* REQUIRED ACTION
If a line below falls between the line with "为进一步拓展群众身边不正之风" and the line with "Connecting up an", or is one of those two, output it exactly; output nothing else and no pictures.

↓

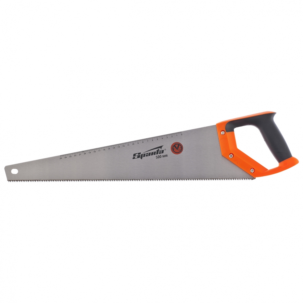 Трион за дърво 400 mm 7-8 TPI, 2D-зъби SPARTA 235035 е изработен от легирана стомана марка 65 Mn. Листът на инструмента има зъб с двустранно заточване. Зъбите на триона са закалени. Количество зъби на дюйм – 6. Твърдост на зъбите – 55 HRc. Върху повърхността има разграфена линийка спомагаща при оразмерявен на детайла преди рязяне. Ергономичната двукомпонентна дръжка от пластмаса значително облекчава усилията в процеса на работа и улеснява рязането с триона.
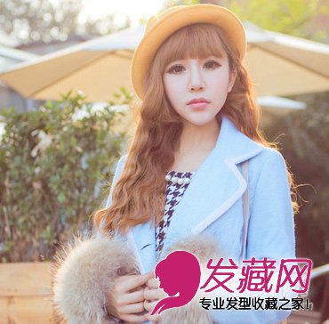 刘海剪齐粉嫩可爱,烫一款长发麦穗烫,随意披在肩上,浪漫优雅,染上奶茶系发色显朦胧萝莉。再加复古小礼帽搭配潮范尽显。准备剪齐刘海或
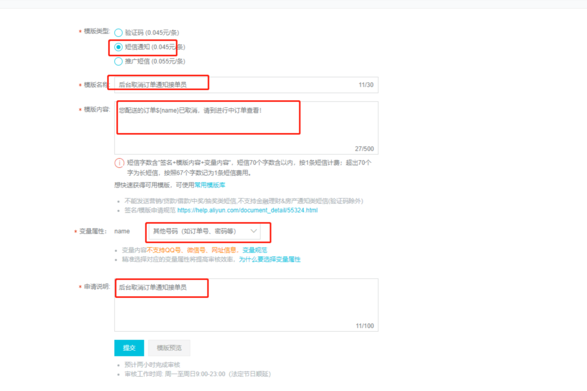 模板内容示例:您的订单${code}已取消,请到我的订单中查看!
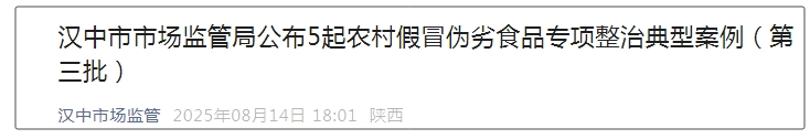 为进一步拓展群众身边不正之风和腐败问题集中整治工作成效,着力解决人民群众反映强烈的农村食品安全突出问题,切实维护消费者身体健康和合法权益。汉中市市场监管系统深入开展农村假冒伪劣食品违法行为集中打击专项行动,依法查处了一批违法案件。为发挥案件的警示教育作用,现公布第三批5起典型案件。
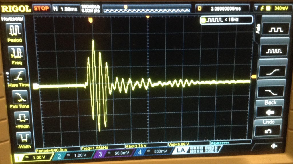Connecting up an oscilloscope to the trigger signals once connected shows me that the Arduino’s 0 to 5V pulse becomes a 0 to ~2.5V to 3V pulse when plugged into the iDM02. But it is still recognised.
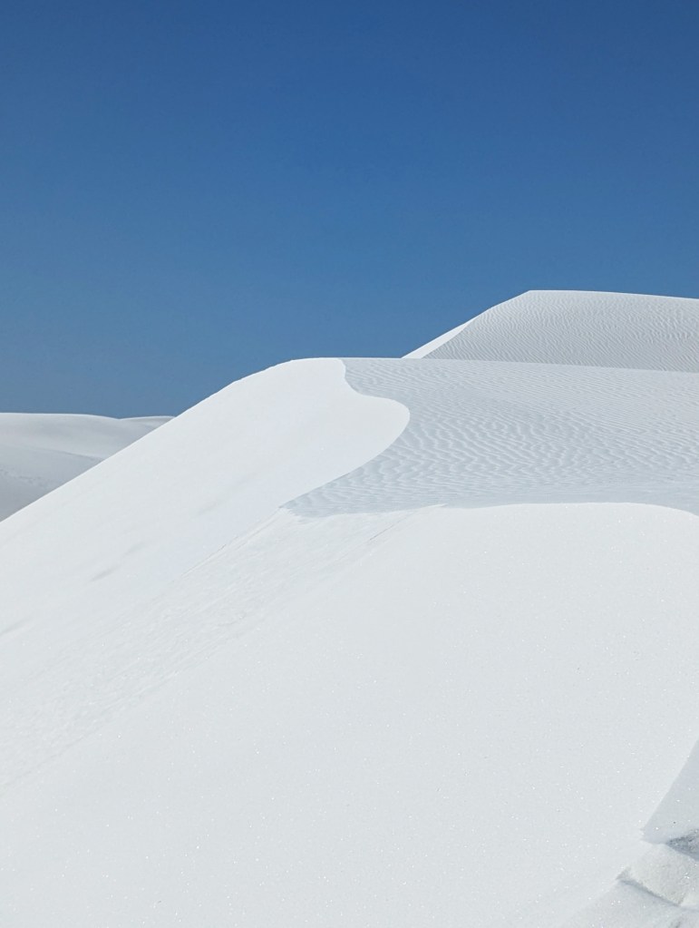 It’s that time of year when Joe and I come out of hibernation to spend our free days finding new adventures in New Mexico. We decided to travel down south with our first stop being White Sands National Park. Our day at White Sands was one of the most memorable days ever. Located in the Tularosa Basin lies the world’s largest gypsum dunes. Over millions of years wind and water have eroded the gypsum into fine grains of sand. You will find soft pillowy sand dunes as well as hard packed areas. There are sculptures formed around hearty vegetation that grows here. What I especially loved was the swirly patterns in the sand created by the wind. The path is marked by footprints and markers along the way to keep you on trail. When you arrive at one marker you will see another marker in the distance so you know which direction to follow. Walking through soft sand is not easy. Always take enough water as there are no water stations to refill except at the visitor center which is several miles away. Wear light colored clothing and use sunscreen as the temperature can feel much warmer than the actual temperature. Make sure you are prepared to walk in sand, it is a slow trek and difficult to climb the numerous dunes with one step forward while sliding a half step back. But hiking down hills are so much fun, Joe and I held hands and ran down the dunes like little kids. Every step down would sink up to our knees filling our shoes with sand, but it was a small price to pay. I wish everyone could experience White Sands at least once, the stark beauty will take your breath away. I know that Joe and I are already planning our next trip to White Sands where you can’t feel anything other than awe and wonder!

↑

* YOUR SOLUTION
 为进一步拓展群众身边不正之风和腐败问题集中整治工作成效,着力解决人民群众反映强烈的农村食品安全突出问题,切实维护消费者身体健康和合法权益。汉中市市场监管系统深入开展农村假冒伪劣食品违法行为集中打击专项行动,依法查处了一批违法案件。为发挥案件的警示教育作用,现公布第三批5起典型案件。
Connecting up an oscilloscope to the trigger signals once connected shows me that the Arduino’s 0 to 5V pulse becomes a 0 to ~2.5V to 3V pulse when plugged into the iDM02. But it is still recognised.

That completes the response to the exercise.